By: T.F. Stern | T.F. Stern’s Rantings

There was a challenge handed out the other day, what did your family do at Christmas?  A handful of memories floating around so I’ll start with writing a wish list.  This was done either on Thanksgiving or very soon thereafter.

We’d jot down, in our very best handwriting, items we considered worthy of asking Santa for. It didn’t matter if the requests were based in reality; but as a rule, these items had been seen on television or in one of the many catalogs, catalogs which many folks referred to as Wish Books.

After completing the assignment we’d place our lists on a plate along with some cookies and a bottle of Coca-Cola.  The idea was to make sure the Big Guy was rewarded for having traveled over to our house and considered our requests.  We were told that Santa wore magic mittens and that while holding up our notes to be read, those mittens would catch the pieces of paper on fire; proof that he’d read them would be ashes left on the plate.

We didn’t need an alarm clock to get up the next morning as we all raced to the dining room table to witness the miracle which had occurred during the night.  There would be a scorch mark on the china and a small clump of burnt up ashes.  It was the beginning of the Christmas Season, official and verified.

My folks must have been gluttons for punishment as they’d also told us that Santa was the one who decorated our Christmas Tree, that all we had to do was pick out a good one, keep it watered out behind the garage until Christmas Eve, and then haul it inside to the living room; Santa would do all the rest.  Once the tree was in the living room it was easy to convince us to get to bed.

I should mention that I learned some of my locksmith trade vocabulary from my father, who never was a locksmith, as he struggled to get the trunk of the tree to fit inside the classic tree stand.  Apparently, other trades, auto mechanics and carpenters come to mind, use similar vocabulary to express frustration.  I later found these magic words remarkably similar to terms used by police officers.

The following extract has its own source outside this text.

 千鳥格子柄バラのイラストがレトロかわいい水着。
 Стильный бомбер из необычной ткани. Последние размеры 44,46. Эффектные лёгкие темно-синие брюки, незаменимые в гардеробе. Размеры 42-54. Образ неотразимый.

I can’t imagine how late my folks stayed up that night putting lights, ornaments, and tinsel on the tree as they also put together bicycles, dollhouses, wrapped and sorted gifts to be put under the tree, and… I almost forgot, fill our stockings and hang them at the end of our beds.  It makes perfect sense, now that I’ve gotten older, that my folks would want to sleep a little later on Christmas morning as our excitement level climbed slightly higher than the Empire State Building.

We were to wait in their bedroom while my father made sure Santa had actually come.  That translated means he went to the living room and plugged the extension cord into the wall so the Christmas Tree lights would be on when we came in.  Remember, the night before when we’d gone to bed that very same tree was bare; but as we entered the room it was dazzling pure magic.

In my teen years, having pretty much figured out the Christmas magic thing, I remember hearing my father carefully open the door to my room as he carried a stocking to place on the end of my bed.  As he did his best not to make a sound I smiled and respectfully called out to him as he exited, “Goodnight, Santa.”  He smiled back and accepted the fact that I was no longer a little boy, and, as I recall, he even winked back.